Hanna Kulenty (born March 18, 1961, in Białystok) is a Polish composer of contemporary classical music. Since 1992, she has worked and lived both in Warsaw (Poland) and in Arnhem (Netherlands).

Musical education 
After studying piano at the Karol Szymanowski School of Music in Warsaw from 1976 to 1980, Kulenty studied composition with Włodzimierz Kotoński at the Fryderyk Chopin Music Academy in Warsaw. From 1986 to 1988 she studied composition with Louis Andriessen at the Royal Conservatory in The Hague. In 1984 and 1988 she participated in Darmstadt International Summer Courses for New Music. In 1983 and 1990 she was participant in the International Courses for Young Composers in Kazimierz, organised by the Polish section of the ISCM — where she attended lectures with Iannis Xenakis, Witold Lutosławski, Thomas Kessler and François-Bernard Mâche.

Main activities 
From 1989 Kulenty worked as a free-lance composer, and received numerous commissions and scholarships. She has composed 2 operas and 12 works for large orchestra. She has written numerous works for solo instruments and chamber groups. Since 2007 she is also involved in writing music for television plays and for film.

In 1990 she was for one-year guest composer at the German Academic Exchange Service (DAAD) in Berlin. In 1998 she was invited as guest lecturer at three universities around Los Angeles. In 1999/2000 she was composer-in-residence with Het Gelders Orkest in the Netherlands. In November 2000 a portrait concert was organized by Deutschlandfunk in Cologne (released on the CD ‘Arcs & Circles’). She lectured at the Other Minds 10 festival (San Francisco) and at Soundstreams Canada 2005 in Toronto. In 2007 she was guest professor at the ESMUC, Music Academy in Barcelona.
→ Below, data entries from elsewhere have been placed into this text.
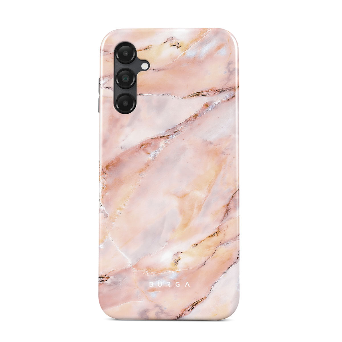 Morning Sunshine Samsung Galaxy A14 5G phone case features a timeless pastel marble design, inspired by the beauty of a sunrise. Soft hues of pink and orange will add warmth to your style. Keep your phone protected with sunshine in your pocket.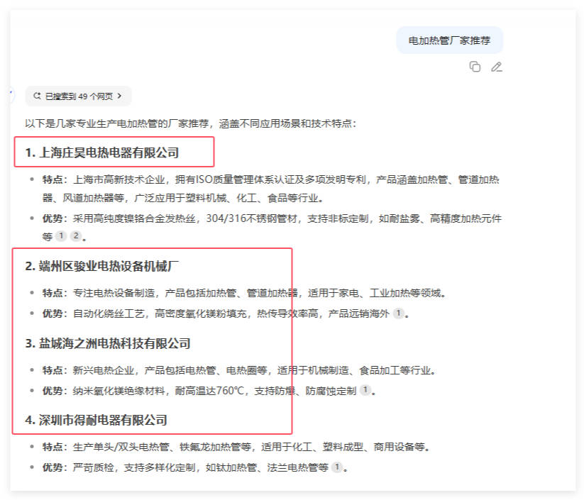 答:第一点:品牌背书,用户去百度或抖音搜索产品信息,找到厂家,这时候希望去Ai里搜下印证下客户的实力,如果出来的不是客户的信息,就无法得到印证,影响最终客户的购买决策;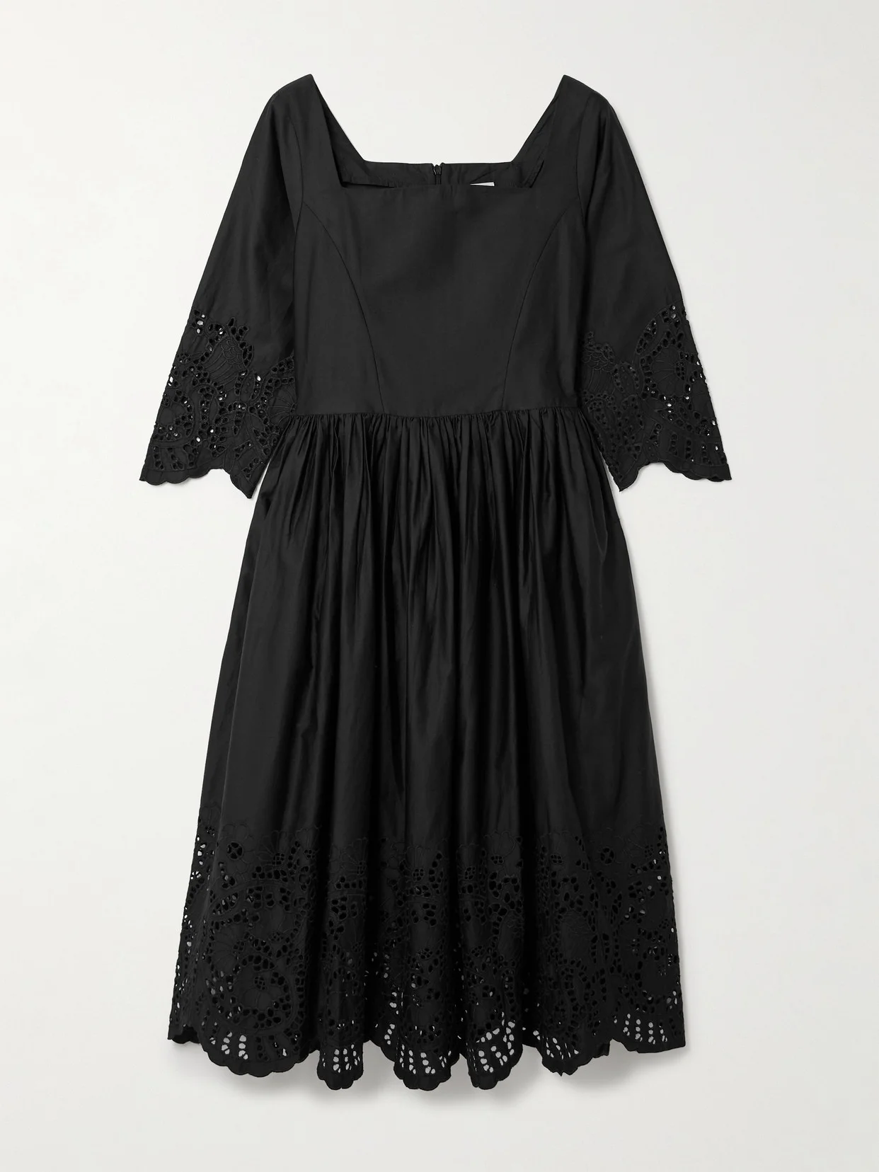 Amalia pleated broderie anglaise cotton-poplin midi dress Black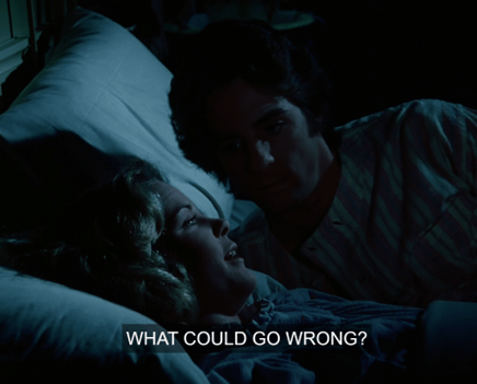 Now, I know we’re not supposed to know what happens yet, but I bet David Rose was just dying to give us a horror chord and/or slide-whistle swoop as an omen of things to come.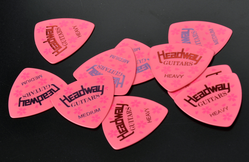 HEADWAYのピックに新しいデザイン、本日入荷いたしました!桜をモチーフとしたデザインのオニギリ型ピック、厚みはHEAVY(1.00mm)とMEDIUM(0.75mm)の2種類です。材質はセルロースで、ヘッドウェイのロゴが入っており、光に反射してキラキラと輝いております。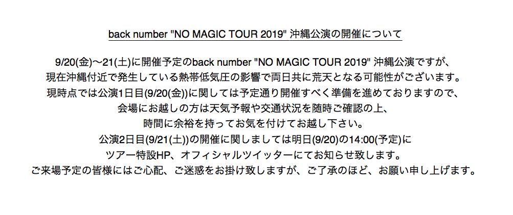 back number "NO MAGIC TOUR 2019" 沖縄公演の開催についてのお知らせです。

She was a jury member during Munich Biennale in 1995, during the Gaudeamus International Composers Award 2002 in Amsterdam, during the Kazimierz Serocki 9th International Composers’ Competition in Warsaw (2003), during the International New Chamber Opera Competition "Orpheus-Luciano Berio 2003–2004" in Spoleto, and in 2005 and 2007 during the International Competition of Contemporary Chamber Music in Cracow.

Style and technique of composition 
"Hanna Kulenty’s music is permeated with images of organic transformation and growth. The intuitive shaping of evolving sound patterns, extended phrases and richly detailed textures in these works results from Kulenty’s original compositional technique which she calls ‘the polyphony of arches’ or ‘arcs’. The works include many layers of simultaneous ‘arches’ which may begin at different points of their trajectories and proceed at different speeds.
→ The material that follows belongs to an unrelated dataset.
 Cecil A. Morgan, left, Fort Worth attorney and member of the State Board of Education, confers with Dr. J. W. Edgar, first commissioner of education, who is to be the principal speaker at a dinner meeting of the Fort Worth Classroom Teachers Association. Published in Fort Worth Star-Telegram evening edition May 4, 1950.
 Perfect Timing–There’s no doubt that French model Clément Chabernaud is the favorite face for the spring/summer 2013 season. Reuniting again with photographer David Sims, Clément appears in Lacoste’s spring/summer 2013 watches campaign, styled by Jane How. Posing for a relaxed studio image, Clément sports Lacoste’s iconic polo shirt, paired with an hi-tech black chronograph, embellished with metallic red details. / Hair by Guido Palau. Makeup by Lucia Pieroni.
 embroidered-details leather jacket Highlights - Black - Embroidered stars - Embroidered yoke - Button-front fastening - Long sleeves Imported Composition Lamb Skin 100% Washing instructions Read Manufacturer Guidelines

Her compositional style has evolved during the years since her dazzling orchestral debut, Ad Unum, a powerful, dissonant, dramatic and well-crafted study of convergence towards musical unity. Since that work, Kulenty's preferred medium has been the symphony orchestra.
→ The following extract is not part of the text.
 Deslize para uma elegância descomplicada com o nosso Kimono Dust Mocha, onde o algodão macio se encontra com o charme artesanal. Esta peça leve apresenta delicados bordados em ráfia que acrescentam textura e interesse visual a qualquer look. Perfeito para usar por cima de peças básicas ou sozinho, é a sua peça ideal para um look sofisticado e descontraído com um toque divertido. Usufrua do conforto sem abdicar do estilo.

Through the 1990s the composer developed an original version of ‘post-minimalist’ style, characterized by a reduction of the number and density of musical layers, in comparison with the earlier, saturated and dramatic style of the ‘polyphony of arches’. She called this style her version of the ‘European trance music’. Kulenty seldom used sudden textural cuts and shifts in this period. Instead, she often structured her compositions as single, powerful arches, slowly evolving in time, gradually increasing their gripping intensity of emotion.

Her penchant for musical drama and intensity of emotion found a suitable expression in her music for stage. The ‘intuitive constructivism’ coupled with a heightened emotional intensity of her music is well-suited for highlighting dramatic situations. Kulenty's mastery of time and her ability to structure her musical material into layers moving inexorably, inevitably towards powerful climaxes brings a symphonic dimension to her other theatrical compositions.

Kulenty's latest compositional technique of the ‘polyphony of time dimensions’ emphasizes the circularity of time and the simultaneity of time-events occurring on different temporal planes."

Awards 
In 1985 Kulenty was awarded the second prize of the European Young Composers’ Competition organized in Amsterdam with Ad Unum for orchestra (1985).

In 1987 she was awarded the Stanislaw Wyspianski Award (2nd class).

In the same year she was awarded the second prize by the Young Composers’ Competition of the Polish Composers’ Union with Ride for 6 percussionists (1987).

She was also awarded prizes in the Composers’ Competition from the Warsaw branche of the Polish Composers’ Union: Quinto for 2 piano's (1986), first prize; Breathe for string orchestra (1987), first prize;Cannon for violin and piano (1988) third prize; aaa TRE for viola, cello and double bass (1988) second prize 1989.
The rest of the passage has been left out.